'I thought the whole block was going to blow': No justice for unsafe apartment owners

Westmeath County Council has known since soon after The Oaks at Lakepoint, Mullingar, was completed that it was dangerous. Photo: Bob Morrison
Claire Ryan got word of the fire shortly after 5pm on February 25, 2021. Her neighbour was arriving home from work and mentioned that there was a fire out at The Oaks, the development where Claire had lived with her daughter until a few months previously.
“I handed her my daughter and drove down there straight away,” Claire says.
“Every nightmare I had had for 13 years was happening, but thankfully we weren’t stuck in the middle of it.” By the time she arrived at The Oaks, there were at least three fire engines there, dispatched from the local Mullingar station, Castlepollard and Kilbeggan.
As she had feared, the fire spread quickly across attics, which was completely contrary to the design for fire safety.
“I thought the whole block was going to blow,” she says.

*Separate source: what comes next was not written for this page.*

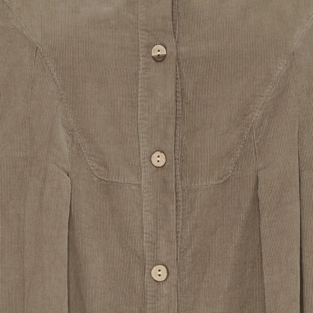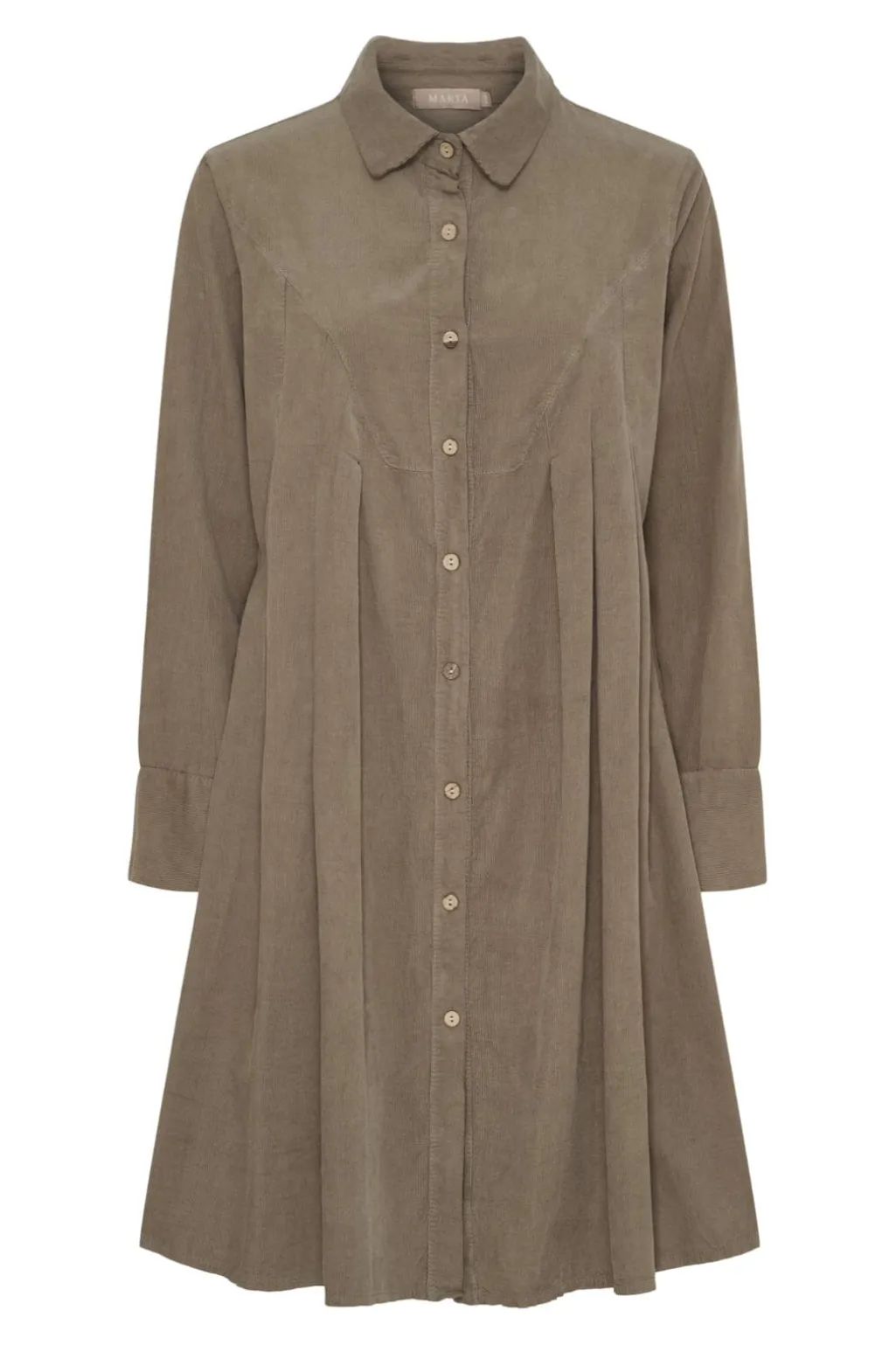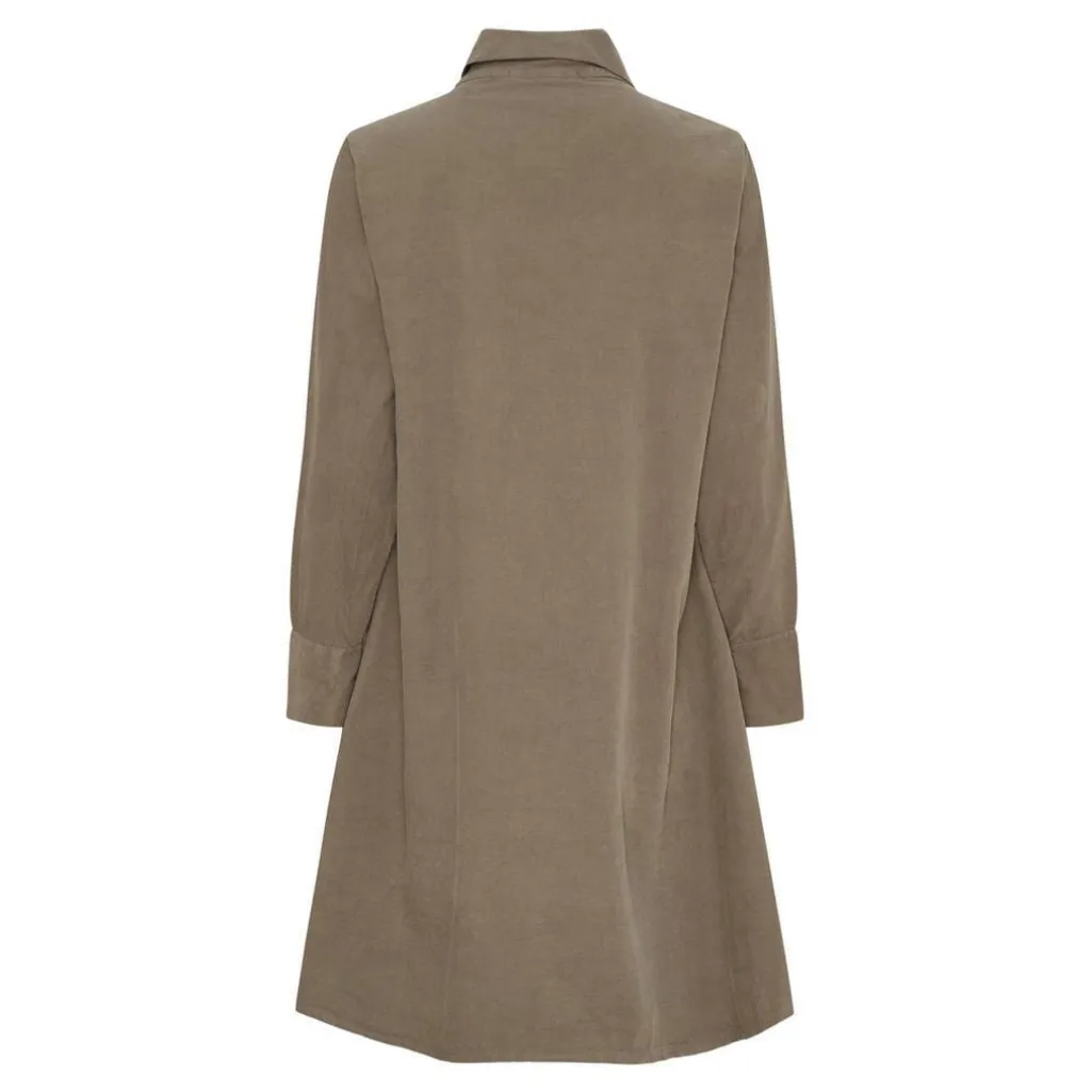 Skjortekjole fra Marta Du Chateau i en grønbrun fango-farve. Den knælange kjole har en gennemgående knaplukning foran og opsmøgede ærmer med manchetter.

"When a garda arrived I explained it to him and he brought me to the firemen and I told them in detail what the story was inside there. Thankfully it happened on Block D which was the only block (from four) where some remedial work had been done. But the whole thing left me shaken.”
The fire was brought under control without injury or loss of life. There are an estimated 100,000 apartments with fire safety defects dating from the Celtic Tiger building boom. Most have common features, including what could best be described as a cavalier approach from the State agencies charged with ensuring that the homes have been built safely.
At The Oaks, Westmeath County Council has known since soon after the development was completed that it was dangerous. The council brought the builder to court, but then abandoned the case.
A judge who heard an outline of the evidence felt the development was so dangerous that it had to be dealt with by the Circuit rather than District court. Yet the matter was not advanced. Since then, the council has done very little to ensure that The Oaks has been made safe.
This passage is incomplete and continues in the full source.